━━━ MATERIAL FOR THIS EXERCISE

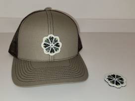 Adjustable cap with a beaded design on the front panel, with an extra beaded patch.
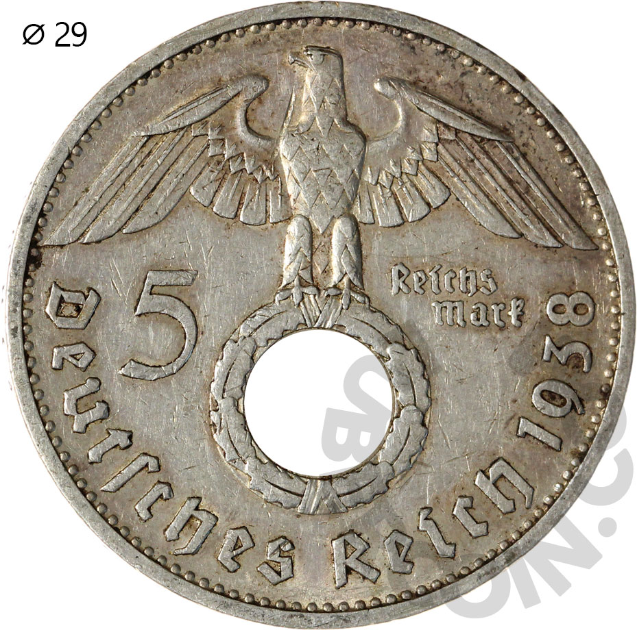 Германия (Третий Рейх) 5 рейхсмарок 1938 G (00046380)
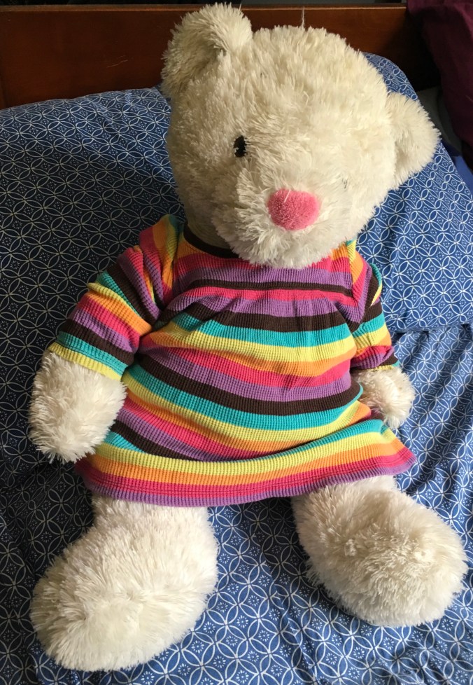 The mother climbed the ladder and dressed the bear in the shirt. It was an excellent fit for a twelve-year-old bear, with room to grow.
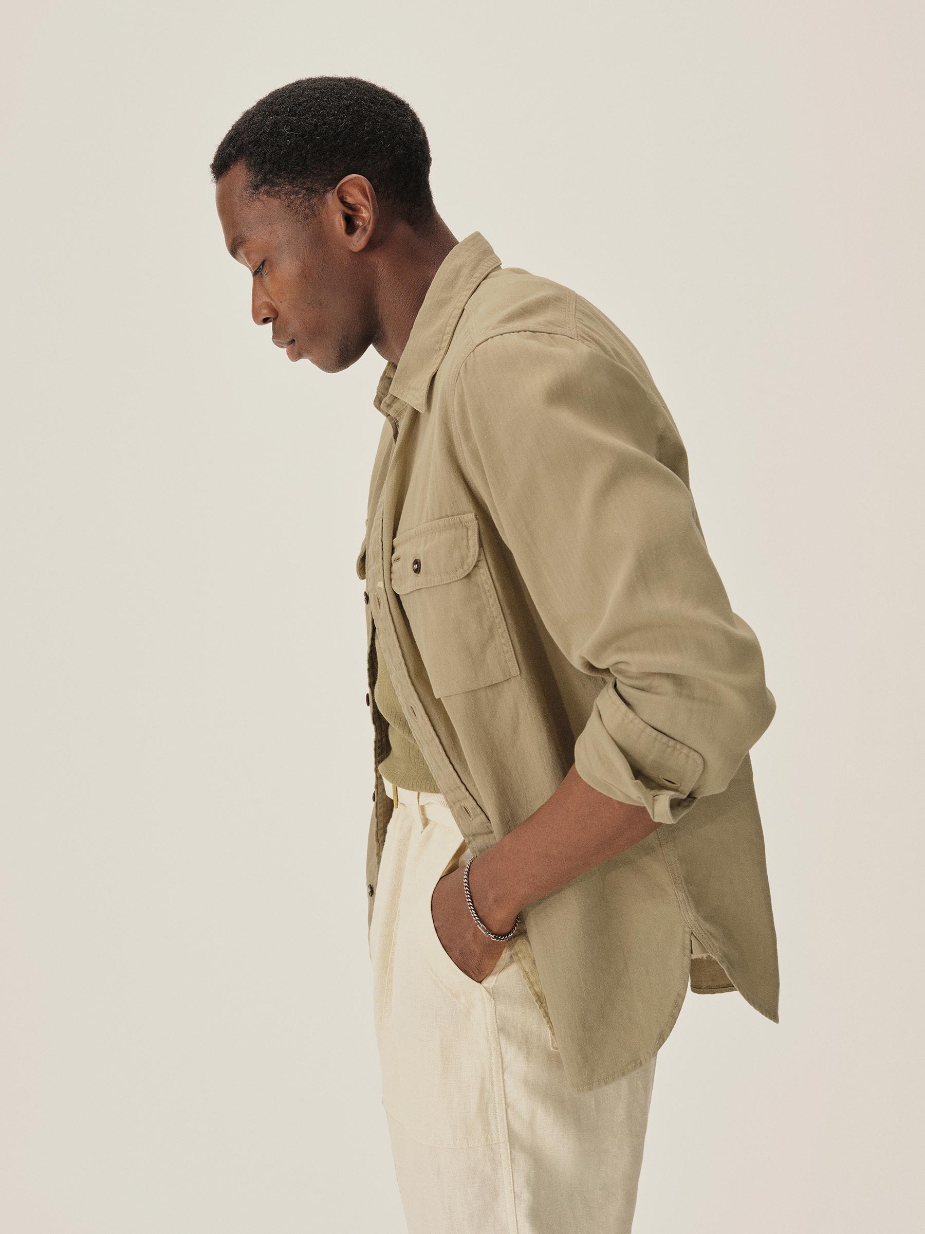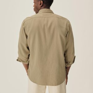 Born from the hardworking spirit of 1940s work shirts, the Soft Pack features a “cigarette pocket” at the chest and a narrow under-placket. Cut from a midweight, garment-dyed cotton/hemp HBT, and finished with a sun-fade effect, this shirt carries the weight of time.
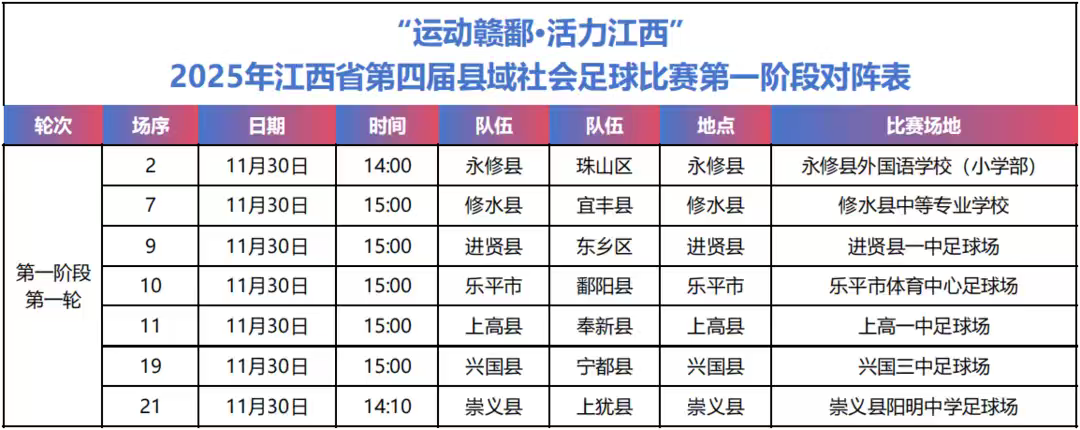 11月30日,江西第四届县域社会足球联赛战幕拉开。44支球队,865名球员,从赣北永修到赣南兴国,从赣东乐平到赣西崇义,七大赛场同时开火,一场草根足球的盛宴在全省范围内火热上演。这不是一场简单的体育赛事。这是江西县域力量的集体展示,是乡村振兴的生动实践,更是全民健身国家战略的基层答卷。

━━━━━━

▶ **EXERCISE PROMPT**: Type the listing above out again exactly, and omit all pictures.

▶ **EXERCISE RESPONSE**:
 Adjustable cap with a beaded design on the front panel, with an extra beaded patch.
 Германия (Третий Рейх) 5 рейхсмарок 1938 G (00046380)
 The mother climbed the ladder and dressed the bear in the shirt. It was an excellent fit for a twelve-year-old bear, with room to grow.
 Born from the hardworking spirit of 1940s work shirts, the Soft Pack features a “cigarette pocket” at the chest and a narrow under-placket. Cut from a midweight, garment-dyed cotton/hemp HBT, and finished with a sun-fade effect, this shirt carries the weight of time.
 11月30日,江西第四届县域社会足球联赛战幕拉开。44支球队,865名球员,从赣北永修到赣南兴国,从赣东乐平到赣西崇义,七大赛场同时开火,一场草根足球的盛宴在全省范围内火热上演。这不是一场简单的体育赛事。这是江西县域力量的集体展示,是乡村振兴的生动实践,更是全民健身国家战略的基层答卷。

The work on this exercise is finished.